▶ DATA SHOWN

^^^^^^^^^^^^^^^^

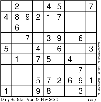 The Daily SuDoku: Mon 13-Nov-2023
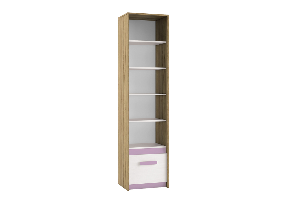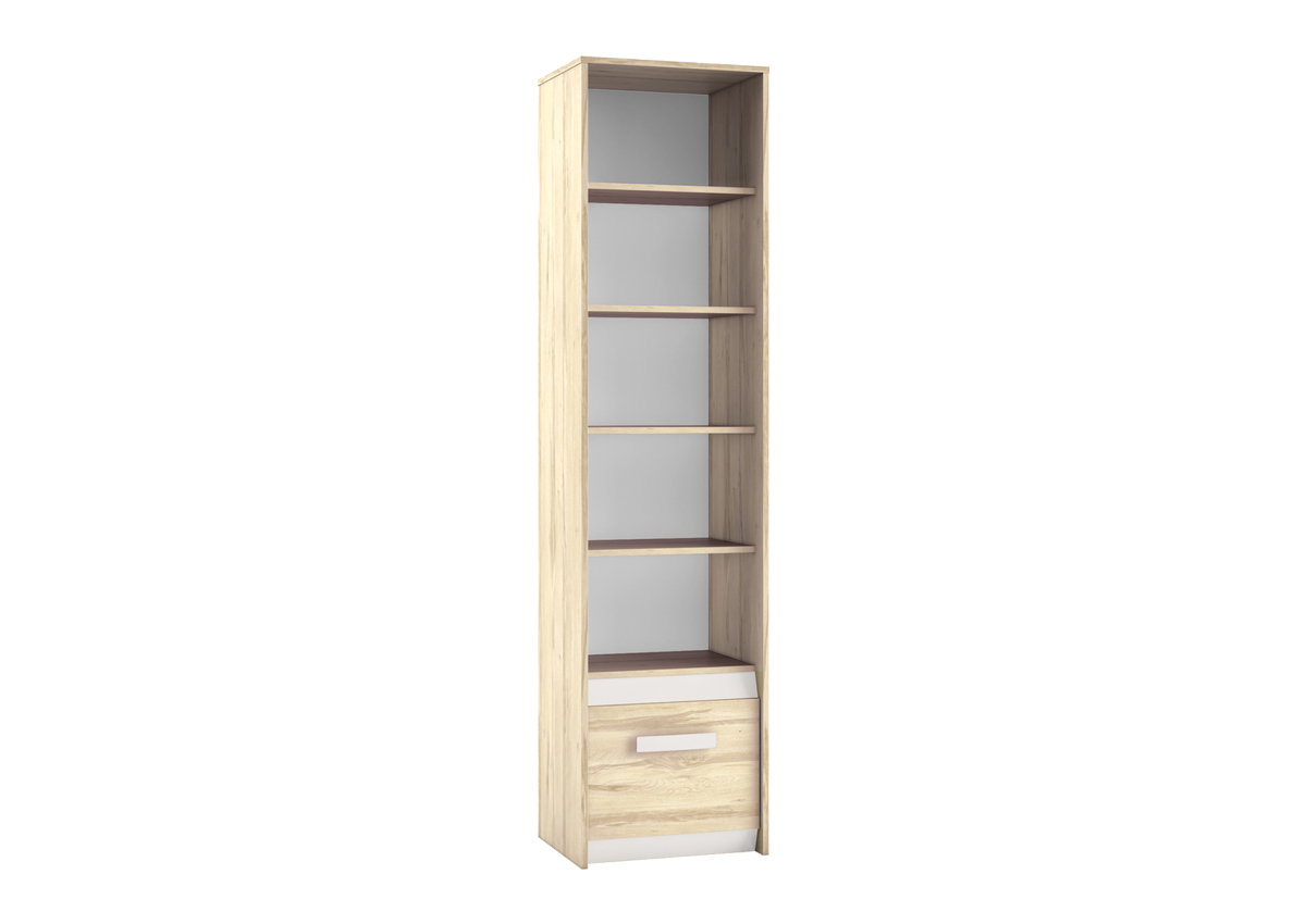 Úzky regál BEST 05 je vyrobený vo farebnom prevedení breza / biela linea, pričom na výber je aj vo viacerých farebných vyhotoveniach. Obsahuje otvorené police a zásuvku v spodnej časti. Regál možno kombinovať s ostatnými prvkami z modelovej rady Best. Systém Best ponúka moderný nábytok najmä pre deti vo veku 5-16 rokov, ale aj pre študentov. Lišta s úchytmi sú dostupné vo viacerých farbách, korpus si možno vybrať v prevedení dub divoký alebo breza, fronty sú buď z brezy alebo v bielej farbe. Nábytok je vyrobený z kvalitných lamino dosiek odolných proti poškriabaniu, vlhkosti a vysokej teplote. Všetky hrany sú ohraničené ABS úpravou, ktorá je odolná proti nárazu, vlhkosti, nedeformuje sa a neodlepí.
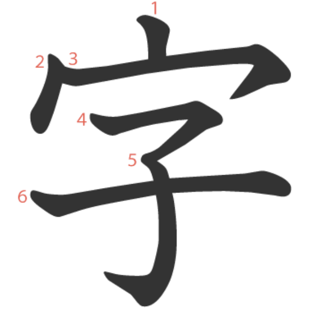 字는 "집(宀)에서 아이(子)가 태어나듯 새로운 한자가 만들어지다" -> "글자"라는 뜻의 글자입니다.
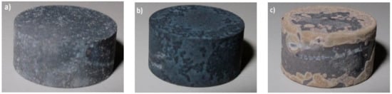 Simka et al. [] suggested using acidic solutions containing H3PO4 and Ca(H2PO2)2 in case of PEO treatment of Ti-15Mo alloys. Following this suggestion and targeting a uniform appearance of the anodic layers, it was decided to use three acidic solutions, namely Ca(H2PO2)2·2H2O + Ca(H2PO4)2·2H2O with pH = 4.5 (series 9), Ca(H2PO4)2·2H2O + Ca(CH3COO)2·2H2O with pH = 4.33 (series 10), and Ca(H2PO2)2·2H2O + Ca(CH3COO)2·2H2O with pH = 3.44 (series 11). The main reason for choosing these combinations of compounds was their comparatively high solubility in water, which allowed using more concentrated solutions. Besides, in contrast to previous compositions, these solutions are relatively stable, despite the fact that both contain Ca salts. First experiments showed that, unlike alkaline electrolytes, these three acidic solutions are suitable for obtaining smooth and adherent coatings on the Ti-15Mo alloy (Figure 2).
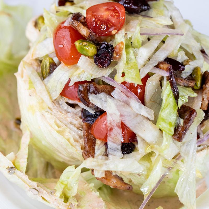 Iceberg lettuce, cucumbers, tomatoes, hearts of palm, artichoke hearts, avocado, hard boiled eggs, creamy balsamic vinaigrette.
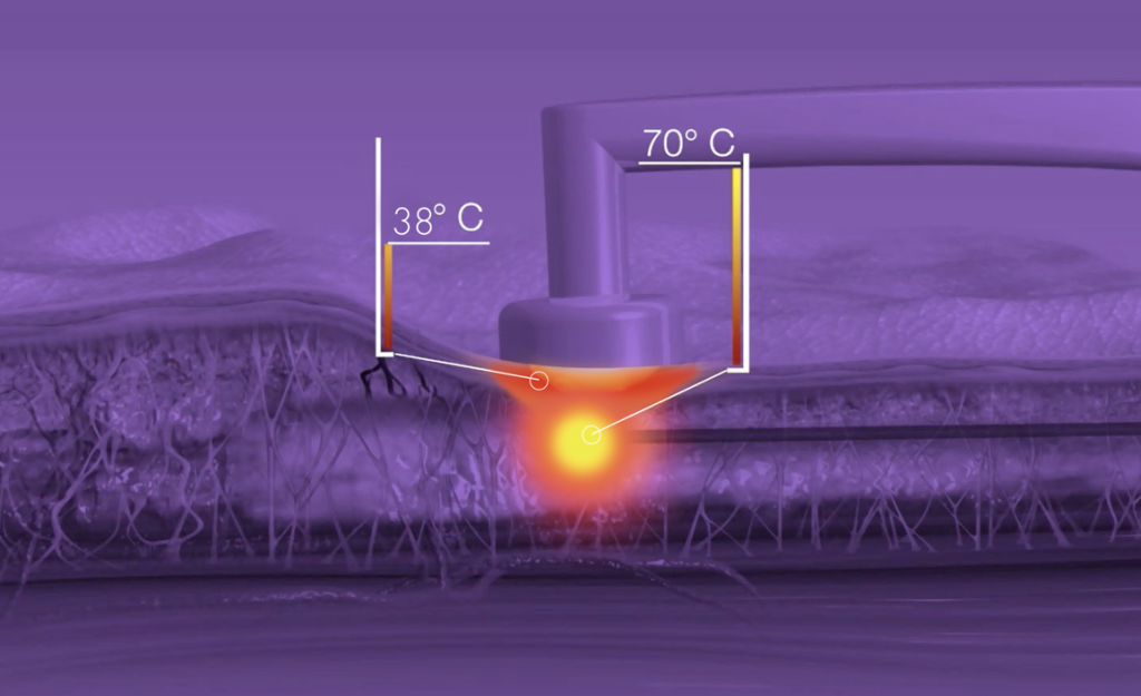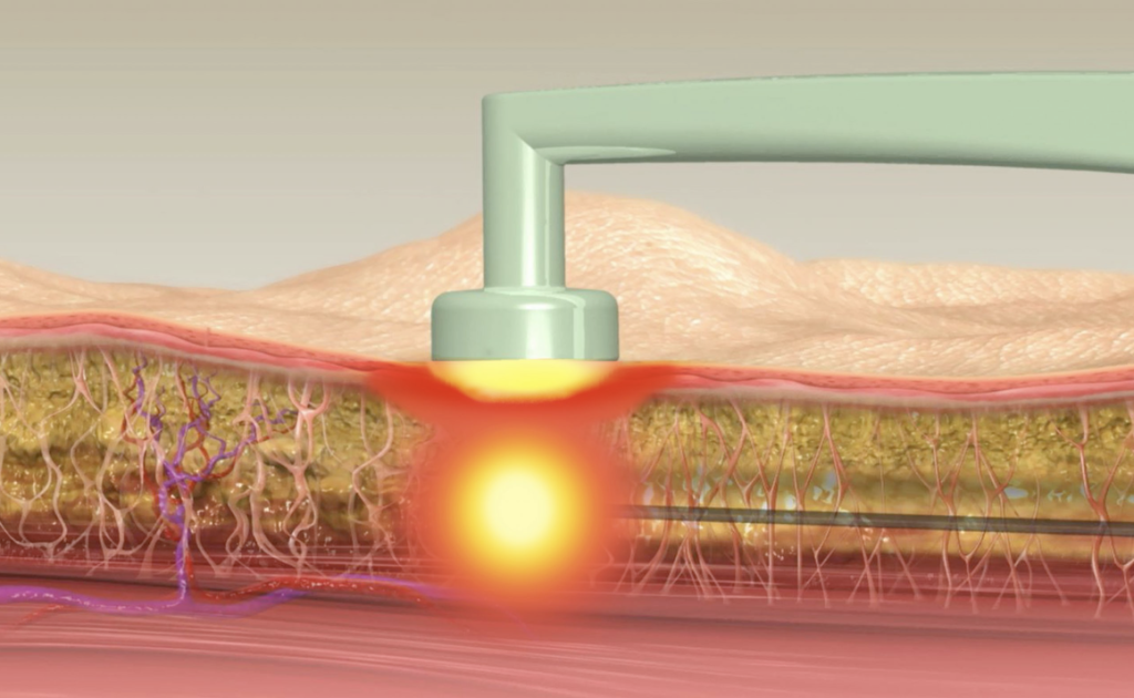 高周波(RF)の熱で脂肪を柔らかくし、自然に代謝されるように促します。気になる二の腕やお腹、太ももに効果絶大!脂肪吸引と併用するとキレイに脂肪が取れますし、併用しなくても全体量が減って引き締まります

^^^^^^^^^^^^^^^^

▶ WORK TO BE COMPLETED
Return the records exactly as they stand, and drop every picture.

▶ SOLUTION TO THE PROBLEM
 The Daily SuDoku: Mon 13-Nov-2023
 Úzky regál BEST 05 je vyrobený vo farebnom prevedení breza / biela linea, pričom na výber je aj vo viacerých farebných vyhotoveniach. Obsahuje otvorené police a zásuvku v spodnej časti. Regál možno kombinovať s ostatnými prvkami z modelovej rady Best. Systém Best ponúka moderný nábytok najmä pre deti vo veku 5-16 rokov, ale aj pre študentov. Lišta s úchytmi sú dostupné vo viacerých farbách, korpus si možno vybrať v prevedení dub divoký alebo breza, fronty sú buď z brezy alebo v bielej farbe. Nábytok je vyrobený z kvalitných lamino dosiek odolných proti poškriabaniu, vlhkosti a vysokej teplote. Všetky hrany sú ohraničené ABS úpravou, ktorá je odolná proti nárazu, vlhkosti, nedeformuje sa a neodlepí.
 字는 "집(宀)에서 아이(子)가 태어나듯 새로운 한자가 만들어지다" -> "글자"라는 뜻의 글자입니다.
 Simka et al. [] suggested using acidic solutions containing H3PO4 and Ca(H2PO2)2 in case of PEO treatment of Ti-15Mo alloys. Following this suggestion and targeting a uniform appearance of the anodic layers, it was decided to use three acidic solutions, namely Ca(H2PO2)2·2H2O + Ca(H2PO4)2·2H2O with pH = 4.5 (series 9), Ca(H2PO4)2·2H2O + Ca(CH3COO)2·2H2O with pH = 4.33 (series 10), and Ca(H2PO2)2·2H2O + Ca(CH3COO)2·2H2O with pH = 3.44 (series 11). The main reason for choosing these combinations of compounds was their comparatively high solubility in water, which allowed using more concentrated solutions. Besides, in contrast to previous compositions, these solutions are relatively stable, despite the fact that both contain Ca salts. First experiments showed that, unlike alkaline electrolytes, these three acidic solutions are suitable for obtaining smooth and adherent coatings on the Ti-15Mo alloy (Figure 2).
 Iceberg lettuce, cucumbers, tomatoes, hearts of palm, artichoke hearts, avocado, hard boiled eggs, creamy balsamic vinaigrette.
 高周波(RF)の熱で脂肪を柔らかくし、自然に代謝されるように促します。気になる二の腕やお腹、太ももに効果絶大!脂肪吸引と併用するとキレイに脂肪が取れますし、併用しなくても全体量が減って引き締まります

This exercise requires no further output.